The Association of Chartered Certified Accountants has released a new report calling for more professional skepticism on the part of auditors.

The ACCA’s report recommends market participants consider cognitive bias—the behavioral drivers that could influence decision making—more actively and take steps to minimize its impact on audit quality.

The report advises standard-setters to design auditing standards to mitigate the impact of known biases on decision-making. The ACCA suggests that, among other methods, standard-setters review possible “bias” within auditing standards and stress the importance of minimizing known bias in application guidance or other explanatory materials.

ACCA chief executive Helen Brand

The report also encourages regulators to focus on improvements that support greater audit quality. The ACCA is asking regulators to be more realistic about the limitations on completely mitigating bias. They should instead recognize the “human factor” within the regulatory process. The “human factor” in the audit process is inescapable, the ACCA noted, and even a machine-led audit may be subject to bias as a result of the information provided and the process of analysis.

On the part of auditors, the report recommends that when designing and performing audit procedures, they need to be more aware of their own subconscious biases and take active steps to mitigate its impact on the audit.

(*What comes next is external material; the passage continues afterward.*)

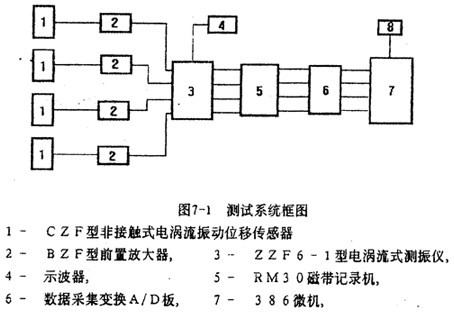 如圖6-l所示,實(shí)驗(yàn)臺安裝在一個4噸重的鋼質(zhì)平臺上,兩個球面球軸承支座1支承一根直徑為30毫米,長度為1500毫米的等直徑軸3,兩軸承座中間的袖上裝有一個直徑為300毫米,厚度為50毫米的圓盤2,軸的外伸端與調(diào)速電動機(jī)5之間有鋼絲繩聯(lián)軸器4相聯(lián)。在圓盤外緣以及在聯(lián)抽器從動端(內(nèi)套)與袖外伸端聯(lián)結(jié)處的水平和垂直方向各安裝一個非接觸式電渦流振動位移傳感器6。測試系統(tǒng)框圖如圖7-1所示。

“The concept of professional skepticism in audit has received a lot of attention from policymakers, regulators, politicians and the public over the years since the global financial crisis,” said Andrew Gambier, head of audit at ACCA. “It is important that all these stakeholders, as well as auditors themselves, understand the extent to which cognitive bias affects the audit process and the ways in which it can be managed, but stakeholders should also recognize that bias cannot be eliminated entirely. Our recommendations provide some first steps for auditors, standard-setters, regulators, audit committees, investors and others to better understand the scope and limitations of professional skepticism in audit. I encourage these stakeholders to take multilateral action to ensure that audit standards, processes and regulation foster real increases in audit quality.”